The cellular and molecular mechanisms that elicit the role of three Aurora members rely on distinct cell model systems. Analysis of the gene expression patterns for the three human Aurora members was carried out in the 60 cell lines. Our cell line collections had less than 10% overlap with those reported in the NCI60 microarray dataset (22). By quantitative RT-PCR analysis, the expression levels could be roughly classified into three subgroups, with Aurora-A having the highest, followed by Aurora-B and -C in descending order (Fig. 3A, B). There were exceptions such as in primary nasal mucosal, NPC, and oral cancer cell lines where Aurora-B gene expression was higher than that of Aurora-A (Fig. 3B). The expression levels of Aurora-B in cancer cell lines of those tissues were much higher than those tissues themselves tested, implying that Aurora-B is selectively upregulated in nasal/nasopharyngeal tissues. Interestingly, of the ten bladder cancer cell lines collected, extraordinarily higher expression patterns were observed for all three Aurora members in arsenic-treated variants (UB37, UB40, and UB47) compared to those in other bladder cancer cell lines tested, implying the possible involvement of arsenic in inducing Aurora family expression. Taken together, the analytical results promise an extension of the gene expression profiles of each Aurora member in the NCI60 dataset and further refinement of the roles of each family member across a diversity of cell lines.

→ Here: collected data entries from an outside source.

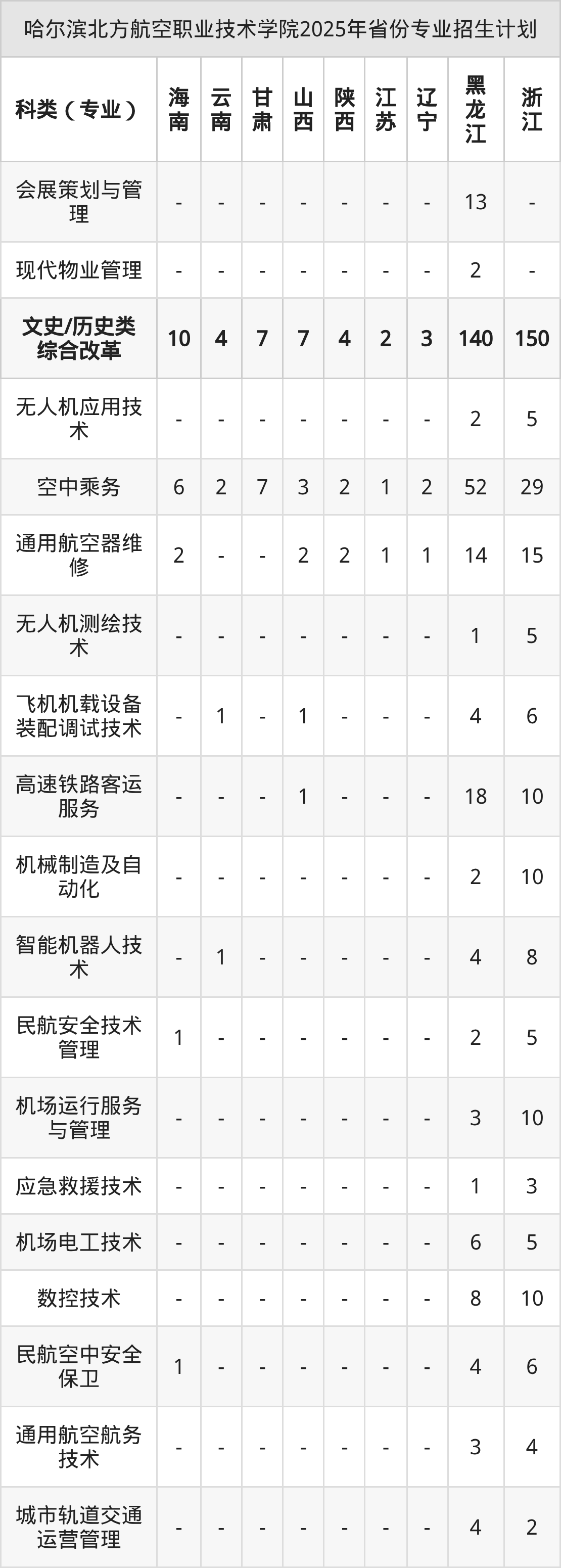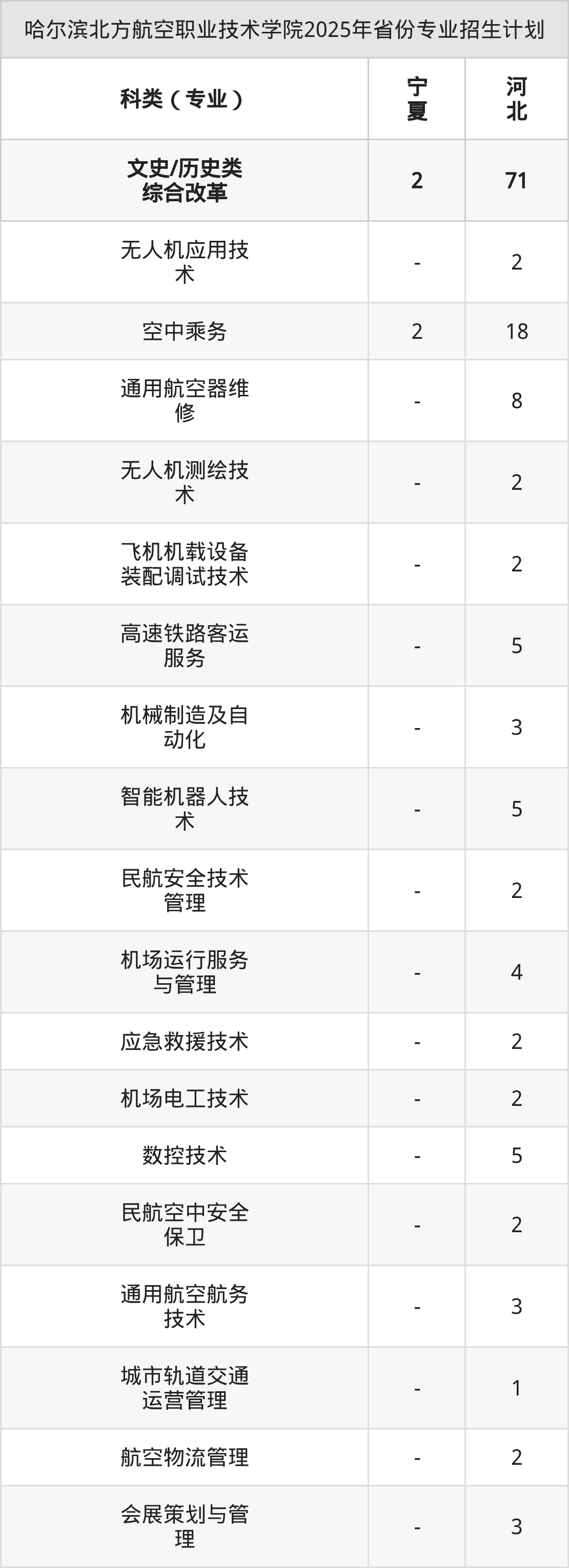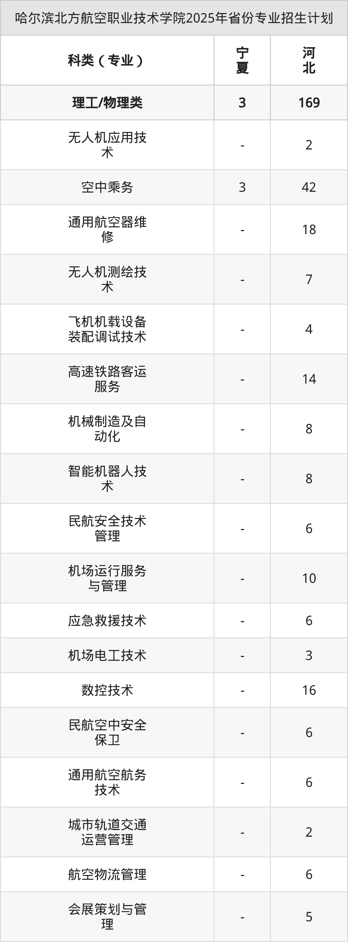 2026年哈尔滨北方航空职业技术学院专科招生计划待公布,下面附上2025年数据,暂供参考: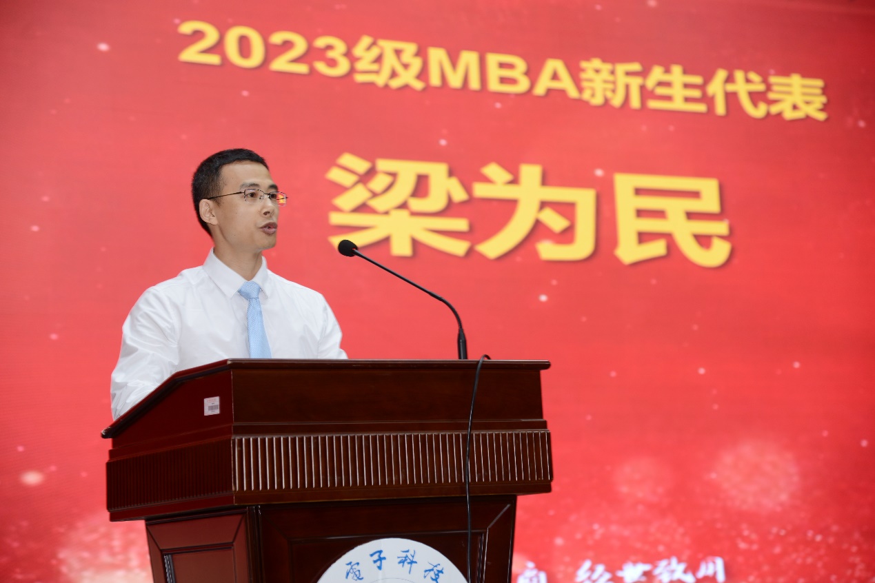梁为民同学代表MBA新生发言。他代表全体新生向学校和老师们表示感谢和敬意,向校友和同学们给予祝福和期待。他表示,选择桂电MBA是一种光荣和责任,是人生奋斗过程的一次新开始。他希望新同学们能够珍惜宝贵机会,开拓创新,务实勤奋,以“正德 厚学 笃行 致新”的校训作为指引,以“融理弘商 经世致用”的MBA核心价值为依托,共同学习,共同进步,成长成才。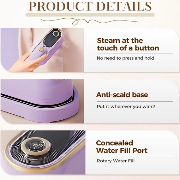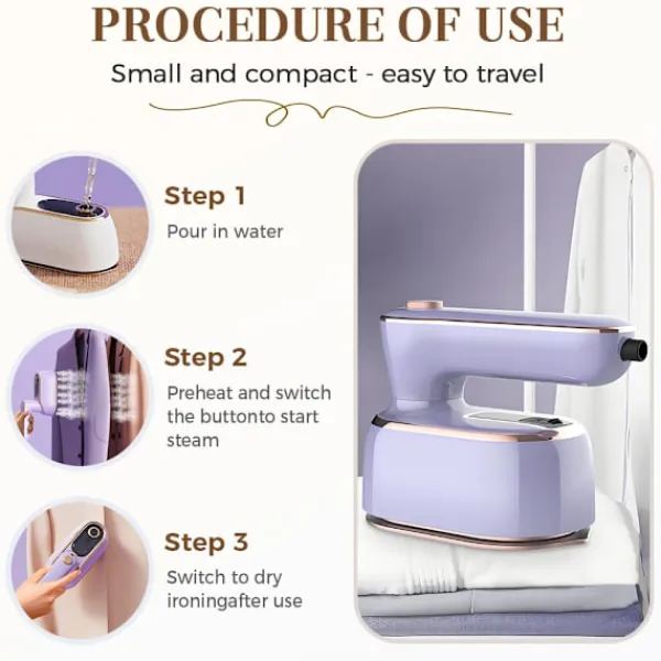 Designad speciellt för resor och små utrymmen, detta lätta verktyg levererar kraftfull prestanda i ett bärbart format. Den ergonomiska designen ger bekväm kontroll oavsett om du fräschar upp en enda skjorta eller flera plagg, vilket gör den till en idealisk följeslagare för att upprätthålla ett professionellt utseende när du är hemifrån.

Gene expression profiles of *Aurora* family members in various human cell lines. (A) Gene expression profiles for *Aurora-A* (squares), -B (circles), and -C (triangles) were examined in 60 human cell lines using quantitative RT-PCR analysis. Data were normalized to the *GAPDH* expression level. Values are presented as the mean ± SD. (B) To present the relative expression ratio, the expression of each *Aurora* member was normalized to that of the entire family.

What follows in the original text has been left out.